If the detector is created with the flag multi_threaded = True, then _fetch() will be called from a worker thread. This way, the rest of the program does not need to wait for transferring data from the hardware, or for computationally expensive processing tasks. OpenWFS automatically prevents any modification of public properties between the calls to _do_trigger() and _fetch(), which means that the _fetch function can safely read (not write) these properties without the chance of a race condition. Care must be taken, however, not to read or write private fields from _fetch, since this is not thread-safe.
11.4.2. Implementing a processor
To implement a data processing step that dynamically processes data from one or more input detectors, implement a custom processor. This is done by deriving from the Processor base class and implementing the __init__ function. This function should pass a list of all upstream nodes, i.e. all detectors which provide the input signals to the processor, the base class constructor. In addition, the _fetch() method should be implemented to process the data. The framework will wait until the data from all sources is available, and calls _fetch() with this data as input. See the implementation of GaussianNoise or any other processor for an example of how to implement this function.
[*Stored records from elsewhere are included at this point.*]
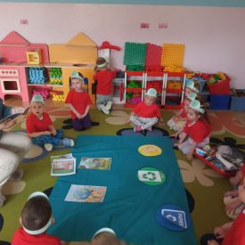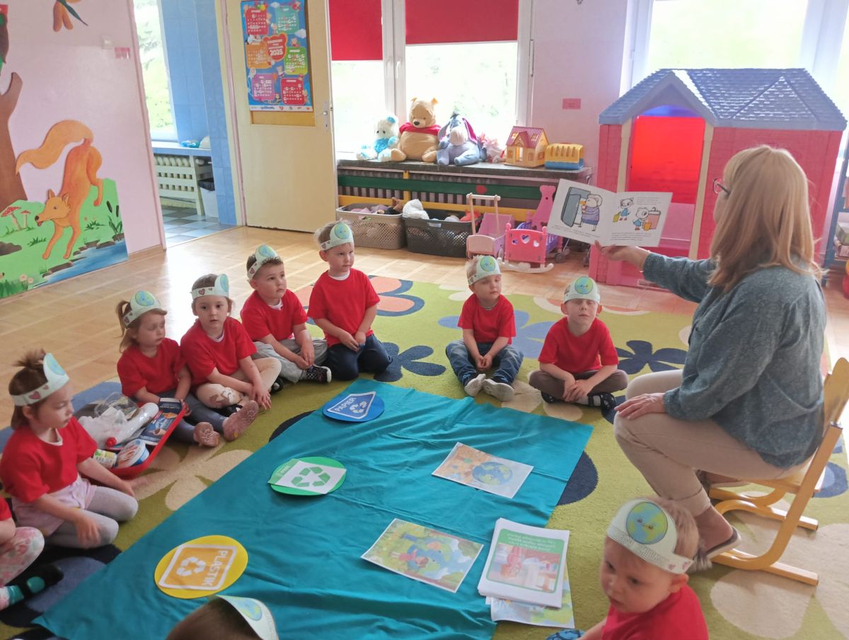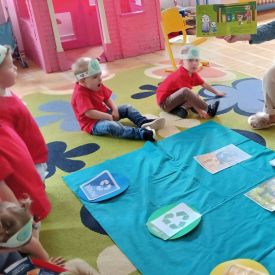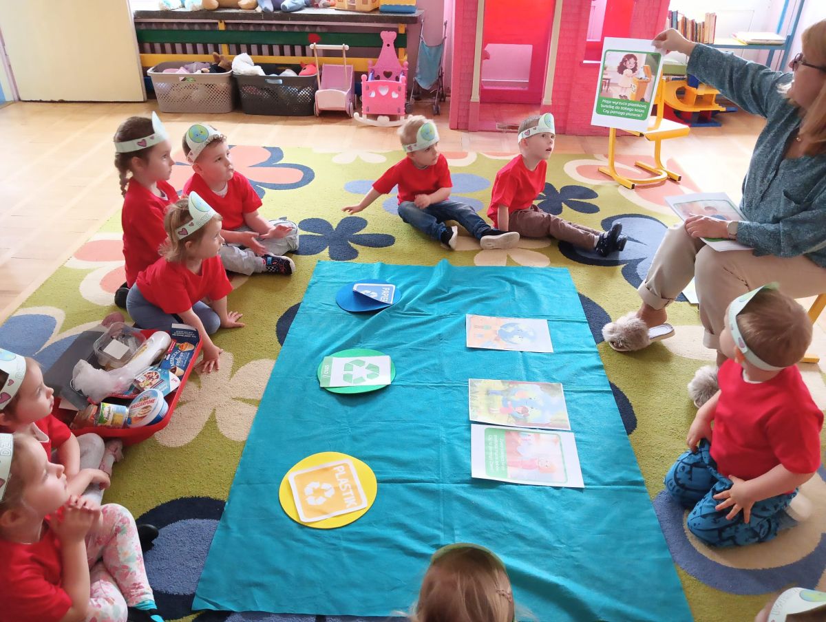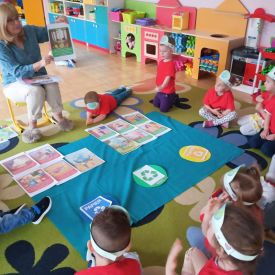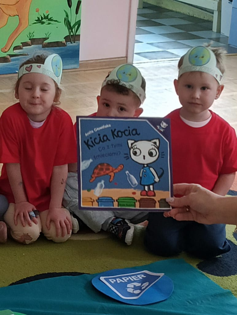 W ważny temat ekologii wprowadziła nasze maluszki ulubiona bohaterka książeczek - Kicia Kocia. Podczas kolejnych zajęć w ramach projektu „Z Kicią Kocią maluchy zmieniają się w zuchy” dzieci wysłuchały książeczki „Co z tymi śmieciami?”. Kicia Kocia, wraz z babcią i innymi postaciami książeczki w prosty sposób przedstawiła znaczenie segregacji odpadów i jej wpływu na środowisko. Celem zajęć było uświadomienie dzieci o ważności segregacji śmieci oraz podjęcie próby samodzielnego segregowania odpadów.
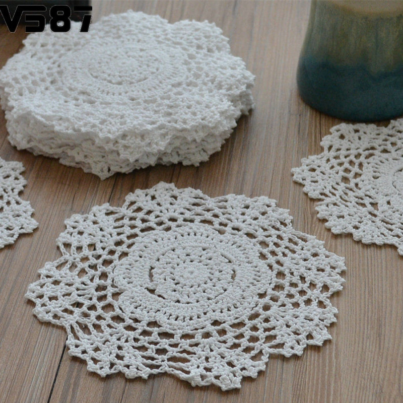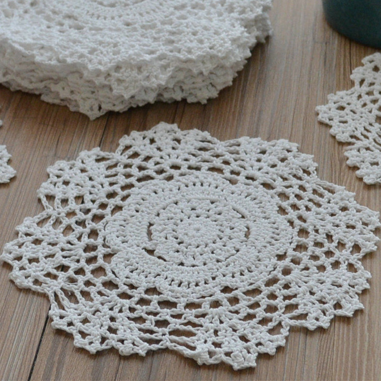 Dozen White 8" Round Hand Floral Coasters Lot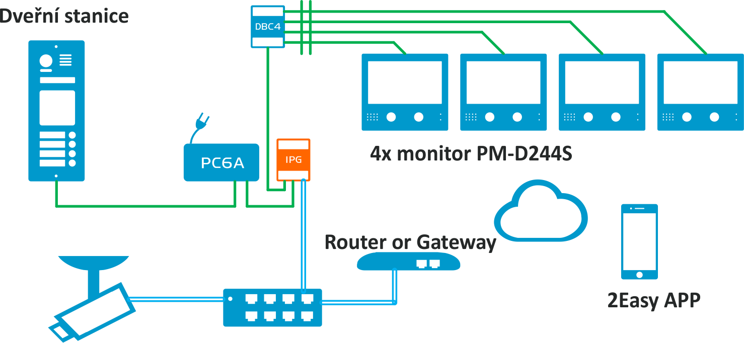Námi nabízíme sestavy domácích videotelefonů pro rodinné domy, bytové jednotky, kanceláře, školy, obsahují vše potřebné pro provedení instalace. Sestavy lze dále rozšiřovat o další monitory, dveřní kamerové stanice, externí kamery a přídavné moduly umožňující např. přesměrování na mobilní telefon, nebo ovládání vjezdové brány, el. spotřebičů..
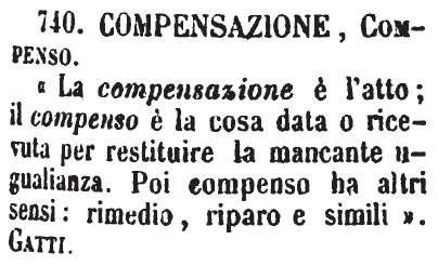 | Compensazione, Compenso - « La compensazione è l'atto; il compenso è la cosa data o ricevuta per restituire la mancante ugualianza. Poi compenso ha altri sensi: rimedio, riparo e simili ». Gatti. [immagine] |
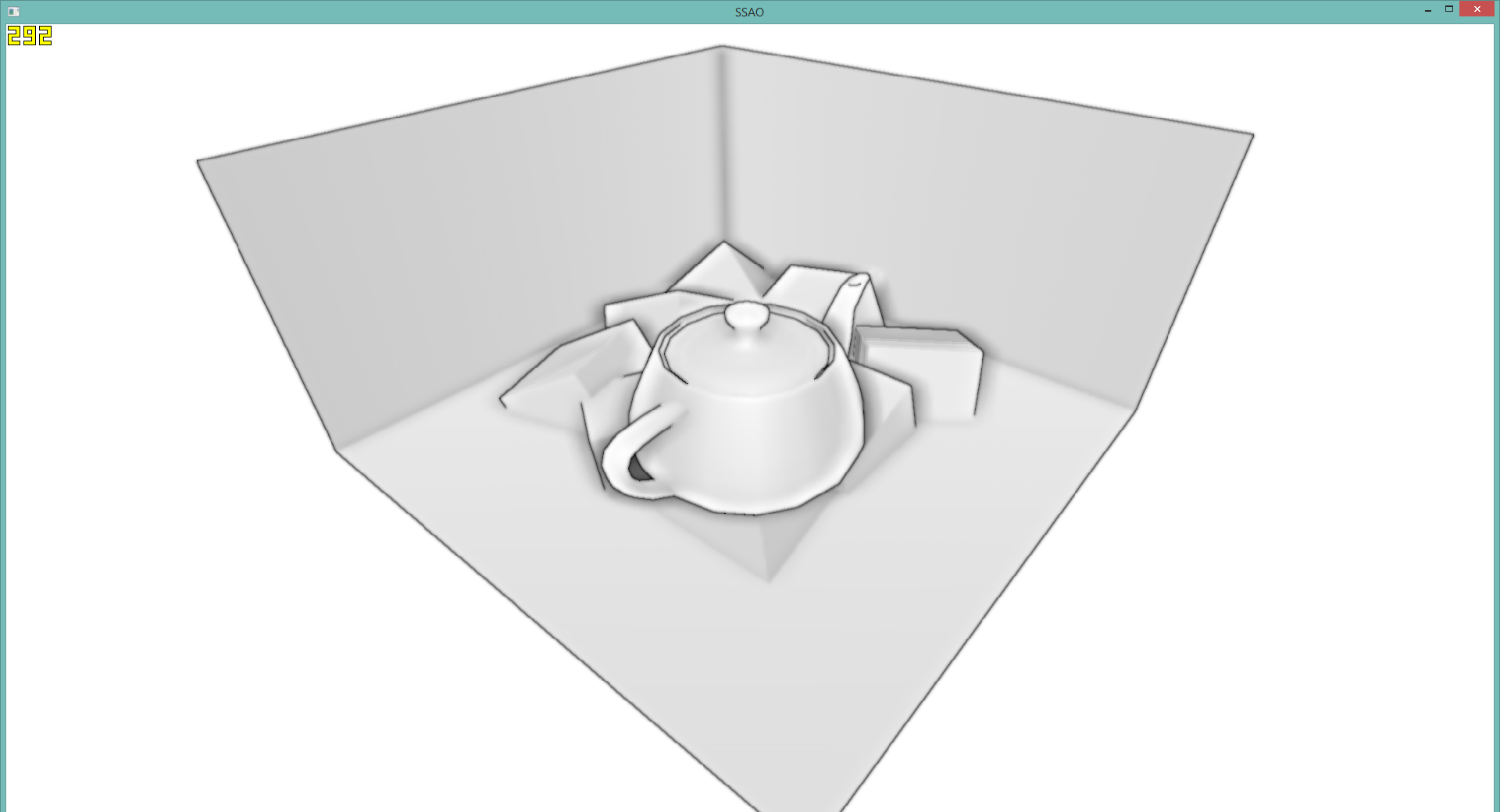 На скрине видно ещё не сглаженный SSAO. Сейчас я переписал ранее написанные в RenderMonkey шейдеры в эффект и собрал приложение на котором можно будет это тестить.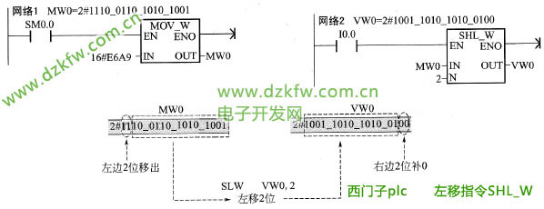 (1)左移指令SHL_W 对于左移指令.按指定位数(N)对源操作数(IN)依次左移N位,左边移出位自然丢失,右边空缺应补0,并将移位结果保存在目的操作数(OUT)中,源操作数(IN)保持不变。应用示例如图3-4所示。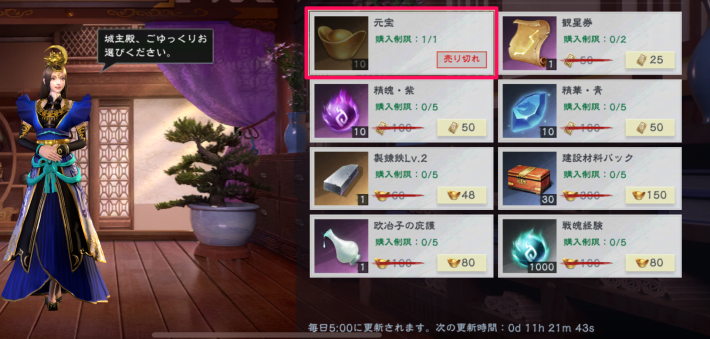 毎日商店では、毎日10元宝が無料で獲得できるので忘れずに交換しましょう。その他のアイテムの交換優先度は低いですが、武器強化アイテムの欧冶子の庇護は不足しがちなアイテムなのでおすすめです。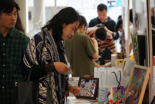 图为嘉宾正在参观学生作品 摄影:黄雨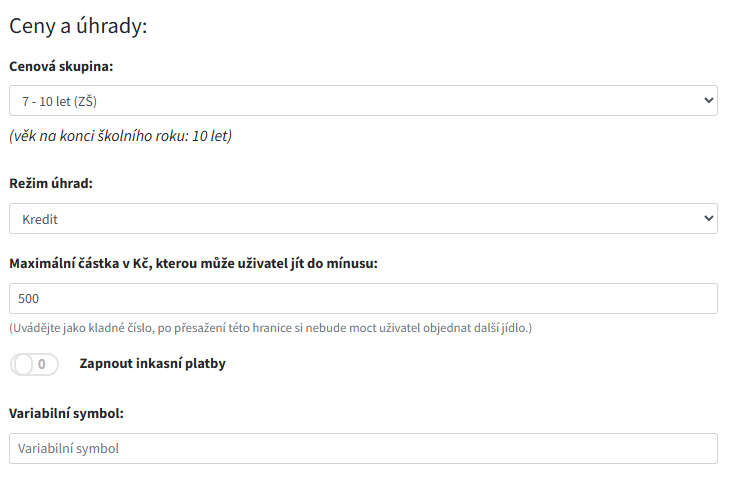 Tato část se v uživatelském formuláři zobrazí, pokud je zapnutý modul Platby nebo pokud jsou povolené Cenové skupiny. Některé volby se zobrazují jen v konkrétních režimech úhrad a při zapnutém inkasu.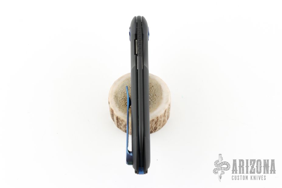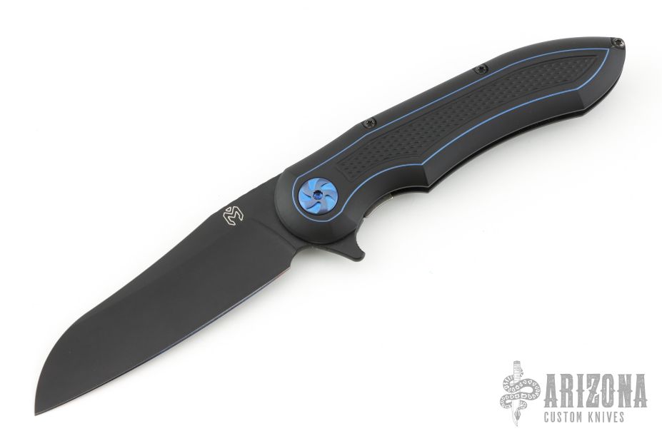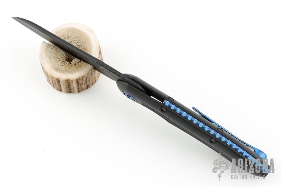 The Max Evolution by Jerry Moen features a black sheepsfoot style blade. The handle is composed of black titanium with anodized accents and matching tip up titanium pocket clip with hidden screws. The lockbar is nicely recessed into the handle scale. Excellent condition.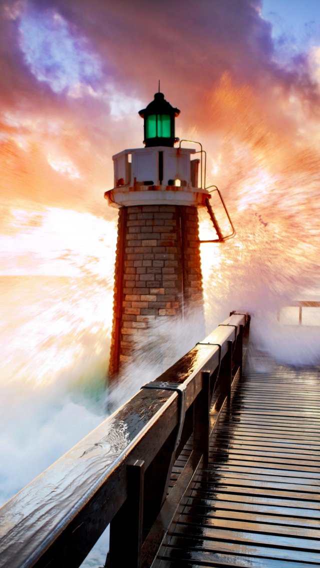 Wallpaper: lighthouse, ocean, waves - 640x1136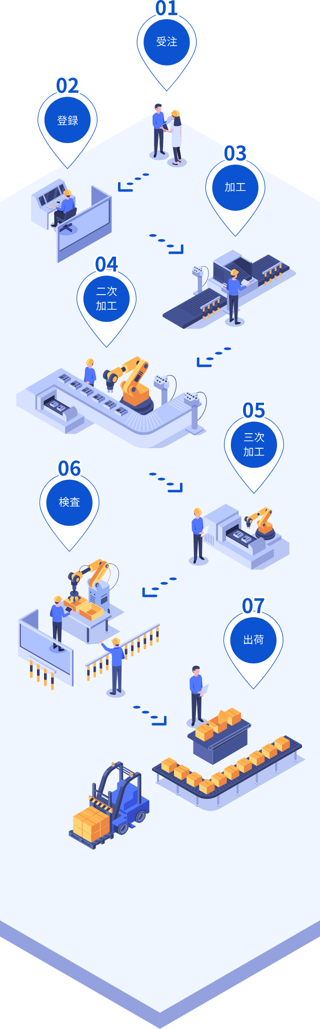 最も効率的な生産計画を立案し、短納期対応の製造業務をコントロールする事で、歩留まり・設備稼働率向上・リードタイムの短縮を図り最適なQ・C・Dの実現を目指しています。また、情報管理のIT化によるデータベースを構築をすることで本来のものづくり業務へ時間を有効に配分し、お客様のご期待により一層お応えできる環境を整えています。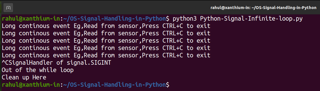 이제 스크립트가 수행하던 작업을 중지하고 직렬 포트 개체 또는 파일 개체와 같은 열려 있는 모든 리소스를 닫는 동안 정상적으로 종료하려고 합니다. 여기에서 OS 신호를 사용하여 무한 루프 실행을 중단할 수 있습니다.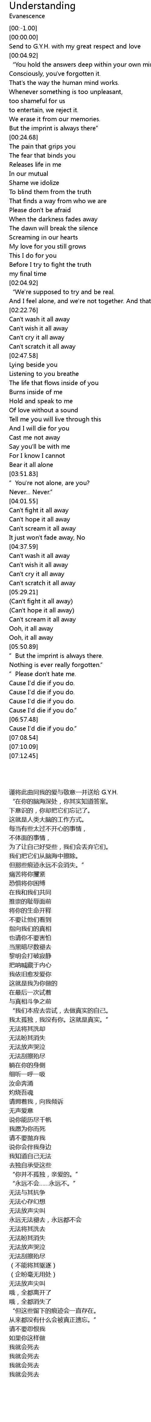 | 歌曲 | Understanding |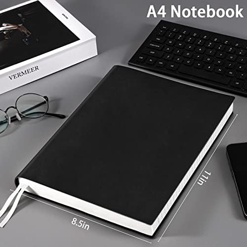 Letter size A4 Large Notebook: Inserted 2 white ribbon bookmarks to take you back to the exact pages you want quickly. Free 125 assort colors index tabs to highlight key items, page markers, dividers into many sections. Solid expandable back pocket for loose leaf paper, receipts.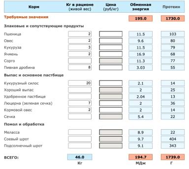 Оптимизация кормления, составление рационов, кормосмесей, комбикормов, белково-витаминно-минеральных комплексов в идеале должна быть с учётом питательной ценности и химического состава сырья. Но это не доступно небольшим и фермерским хозяйствам, для них есть простые калькуляторы для КРС (файл 2, белорусские коллеги показали).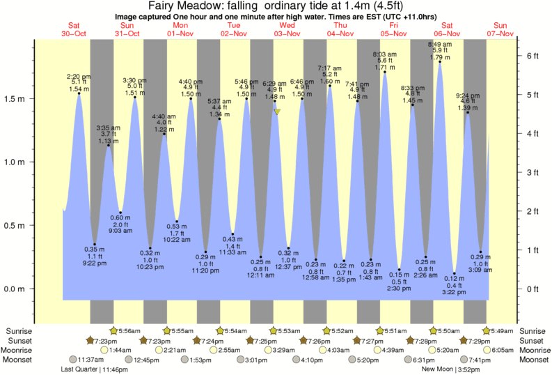 Forecast wind and swell just offshore from Fairy Meadow around the time the photo was taken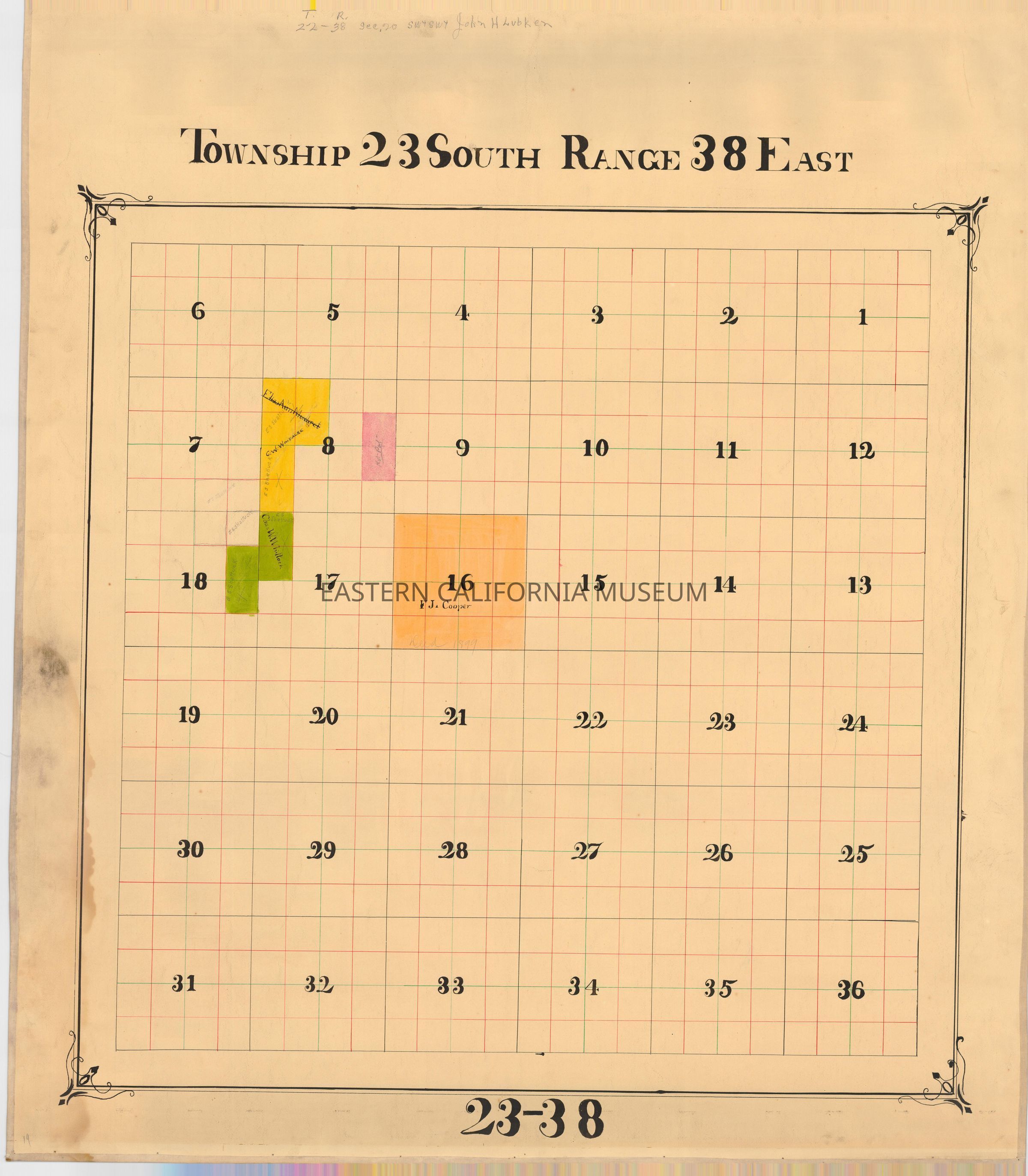 Plat map showing land ownership circa 1900s-1920s. Township 23 South, Range 38 East.

11.4.3. Implementing an actuator
To implement an actuator, the user should subclass the Actuator base class, and implement whatever properties and logic appropriate to the device. All methods that start the actuator (e.g. update() or move()), should first call self._start() to request a state switch to the moving state. As for detectors, actuators should either specify a static duration` and ``latency if known, or override these properties to return run-time values for the duration and latency. Similarly, if the duration of an action of the actuator is not known in advance, the class should override busy to poll for the action to complete.
11.5. Implementing new algorithms
The algorithms that are included in OpenWFS are implemented as classes with two common attribute: slm and feedback, which respectively hold a PhaseSLM object to control the SLM and a Detector object that returns the feedback signals used in the optimization. For algorithms that support optimizing multiple targets simulaneously, the feedback detector may return an array of values. As can be seen in the example in Listing 3.1, OpenWFS abstracts all hardware interactions in the calls to slm.set_phases and feedback.trigger, so the algorithm does not need to have any information on the nature of SLM or the origin of the feedback signal.
In addition, all algorithms have an execute() method that executes the algoritm and returns the measured transmission matrix, along with statistics about the measurements in a WFSResults structure (see Section 9).
When implementing a new algorithm, it is perfectly acceptable to deviate from this convention. However, if an algorithm follows the convention described above, it can directly be wrapped in a WFSController so that it can be used in Micro-Manager (see Section 10).